For the last few seasons, I’ve been particularly interested in the trend of rising scores in NCAA, which is a relevant issue considering that the average team score for the top 36 teams in the country increased four tenths from 2012 to 2013 (from 195.406 in 2012 to 195.802 in 2013). That’s almost a fall worth of increase per team per meet, which is fairly insane. Were teams really a fall better in 2013 than in 2012? No. The evaluation of routines is clearly getting more lenient across the board. Now that the 2014 season is over, it’s time to revisit the topic following a year in which scores appeared to increase another notch with all the 10s and 198s we saw. Here are the average scores for the NCAA top 36 from 1999-2014:
And here’s the same information, but limited to just the span from 2006-2014 to zero in on recent trends.
The results are somewhat interesting for 2014 because while the scores did increase over last season, just as anyone who watched this year would have guessed, the overall increase is not particularly large. Now, those of us who have been following the scores closely would certainly argue that the mega-scoring we saw this season is only part of a trend that began in earnest last season, which is reinforced by the numbers, with 2014 seeing another jump over 2013 and coming in as the second-highest scoring season in NCAA history behind 2004.
But, the increase is perhaps surprising in its smallness. In fact, the increase from 195.802 in 2013 to 195.861 in 2014 comes out to only .059, or just a little bit more than one step per meet per team, which is notable but not exceptionally significant in the grand scheme of meet scoring. It’s certainly not the full four tenths leap we saw the previous year. So, why is that? We saw more 198s in 2014 than in 2013, and way more 197s, and the general perception is that scores skyrocketed this season and showed a clear departure even over the high scores of the previous season. What’s the deal? Well, the deal becomes somewhat more clear if we break down the top 36 into manageable chunks. Here are the average scores for only the top 12 teams from 1999-2014:
Compare this to the average scores for the teams ranked 13-36 over the same years.
We all know that the Parity Parrots like to pat themselves on the back for their work to increase parity in NCAA, but there are different types of parity. This year, we certainly saw evidence of parity at the very top of the sport manifested in our most competitive Super Six, but beyond that, the gap between the very best teams and everyone else actually increased in 2014 rather than decreased. The “others” were farther away from being able to challenge the best teams this season than in 2013.

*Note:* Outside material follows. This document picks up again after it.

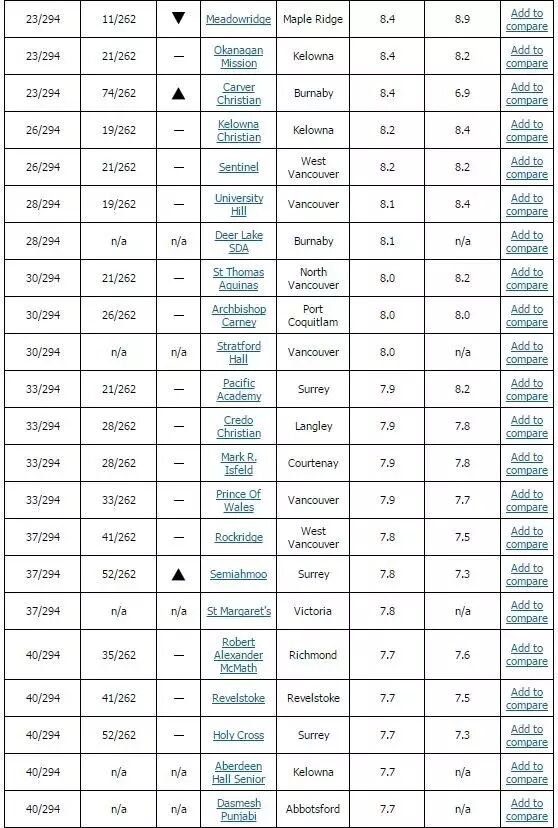温哥华的St George's排名第4位,西温的Collingwood则排在第5位,素里两间学校Southridge和Relevant也表现不俗,分别位列第6和第7名。

- Also, in non-numerical news, Silvia Colussi-Pelaez is transferring from Florida to Oregon State for the upcoming season, which is exciting news for the Beavs. They’ve had a rough couple years, and she could contribute on as many as four events for them with some 9.8s. Conversely, she wasn’t making any lineups at Florida, and given the quality of the incoming classes, didn’t look to be making many lineups in the future. Also, as it has been discussed that Alex McMurtry is planning to come early, something was going to have to give in the scholarship-count department. Silvia’s sister, Mariana, will also be joining Oregon State the following season. Now Tanya, put that transverse aerial back in her beam routine. You know you want to.